Miseta: All of this looks good on paper, but pharma is a conservative industry that is not always anxious to embrace change. What do you believe are the biggest challenges you will need to overcome to make your vision a reality across the industry?
Koski: You already identified the first one. Whereas the airline industry started the creation of its global system some 70 years ago, the pharmaceutical industry has, over the last 50 or so years, created the current, more fragmented environment. Companies have made individual improvements by making investments in their internal systems. However, while those efforts can be useful, they lack interoperability, integration across the entire endeavor. We are now moving toward models of open innovation, sharing, and collaboration, and those are the key words in moving forward today.
We need to demonstrate to this industry, one that has spent years creating silos, the value in tearing down some of these silos. In some areas it just makes sense to do so, and in place of the silos we can create a shared infrastructure, just like we have in the airline industry.
Having said that, there will be problems to overcome, especially relating to messaging and credibility. However, I believe we may have current circumstances on our side. Many pharma companies are not in the same financial condition that they were just a few short years ago. With the time and cost of getting a new molecular entity to market increasing substantially, and a greater openness and willingness to embrace collaboration, there has never been a better time to undertake this effort. The key to this effort is getting sponsors and other stakeholders to recognize the value of a systems approach, and I think the need for that is very dramatic right now.

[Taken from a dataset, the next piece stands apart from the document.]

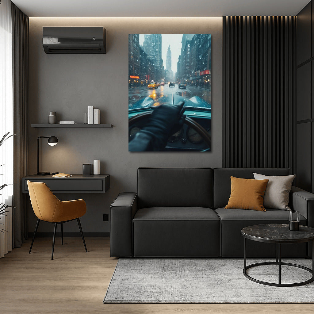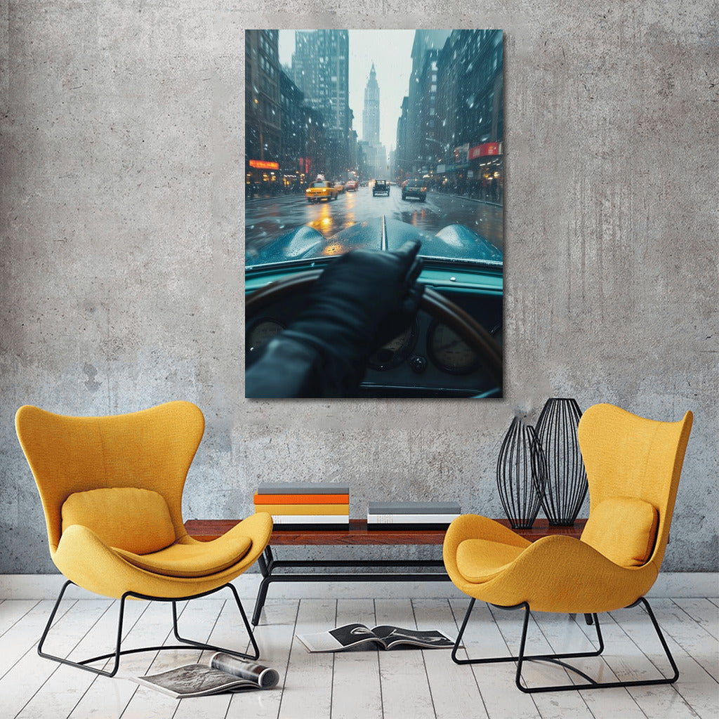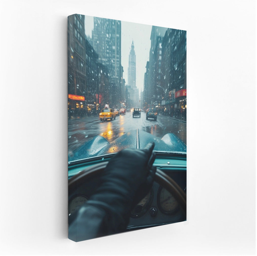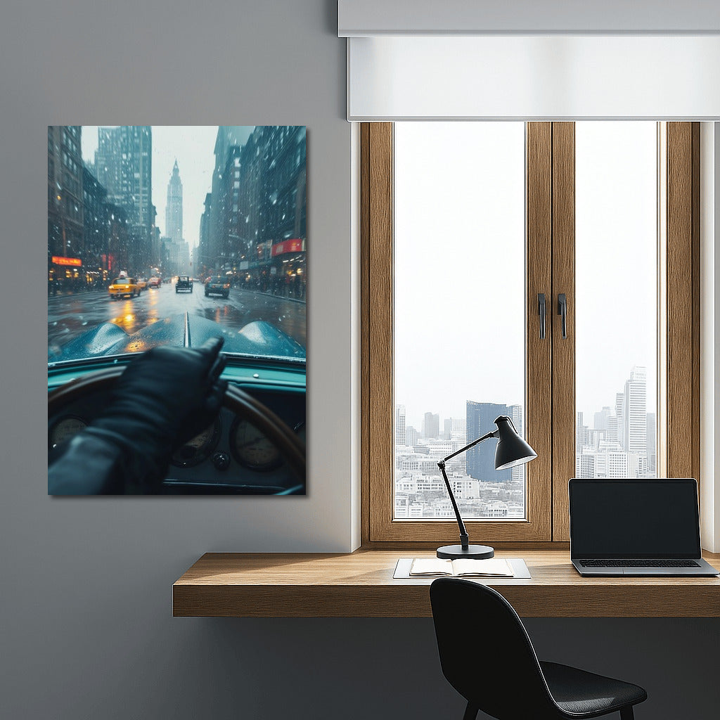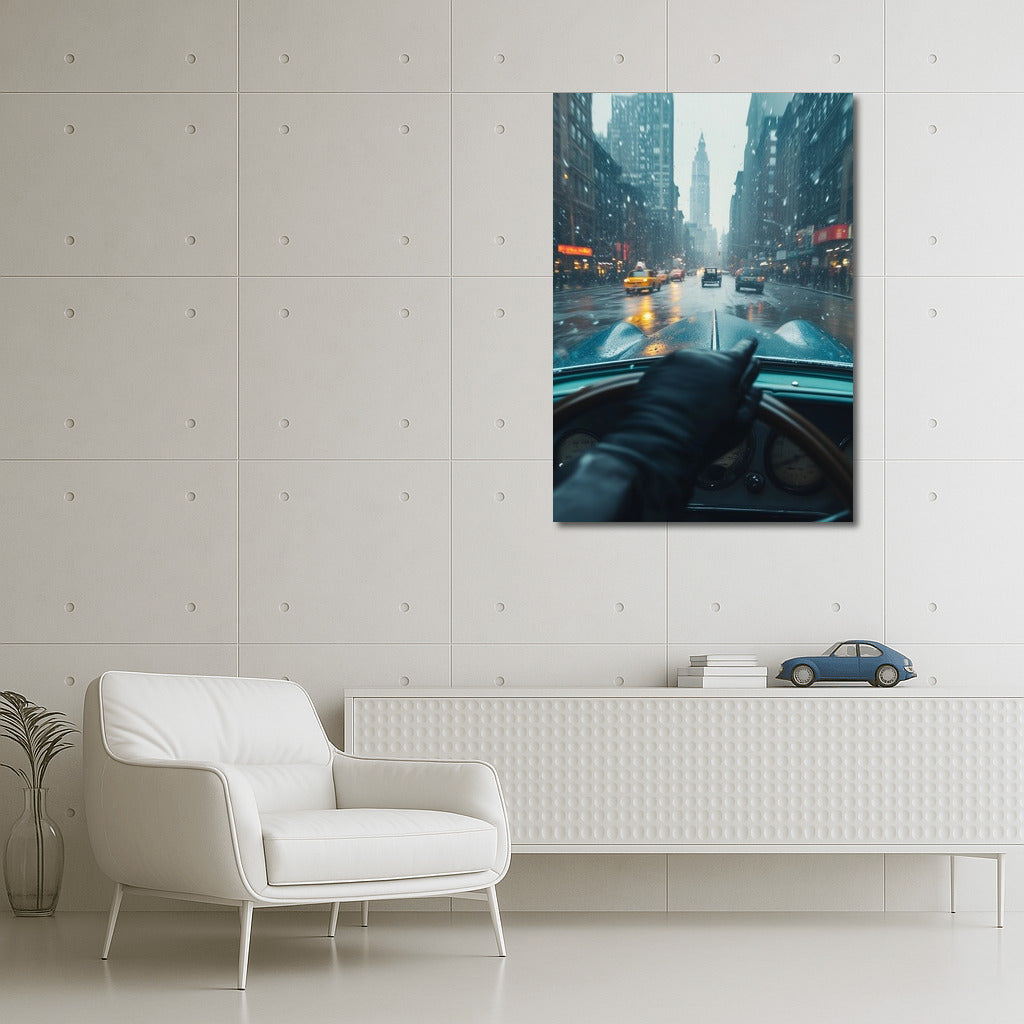 City bustle from the cabin of a retro car. Immerse yourself in the atmosphere of a vintage journey with our wall art poster. See more from the collection: Mixed Wall Art

Analogously we are even seeing the President's Council of Advisors to Science and Technology issue reports saying systems engineering is the key to solving the problems we have in healthcare. We don't have a healthcare system, we have a healthcare mess. Systems engineering is the next generation thinking that will fix it.
Aside from that, we also have challenges in moving to a more global environment. Despite many years of efforts toward regulatory harmonization, we still don't have a climate in which we've been able to achieve standardization. As I frequently say, “harmonization has come to be a euphemism for failure to standardize.” If we can't get to standardization, we will never be able to do this. If we can have standards in plumbing, electrical codes, construction, information technology and, as Dr Freda Lewis-Hall has said, even for hair stylists, then we can have standards in pharma as well. We just need for all of the stakeholders to be flexible and willing to build the necessary interfaces to make these approaches possible.
Although there are challenges, the potential rewards are great. The clinical trials process is a $70 billion annual enterprise. Waste is conservatively estimated to be around 30 percent. So that’s $21 billion that is just squandered every year. If there are steps we can take to bring needed medicines to patients more efficiently and cost effectively, to not do so would be unethical. And the positive impact for sponsors and their investors would be dramatic as well.
We live in a pretty small world, and we are all players in this. Working together is the only way we will be able to reach our goals.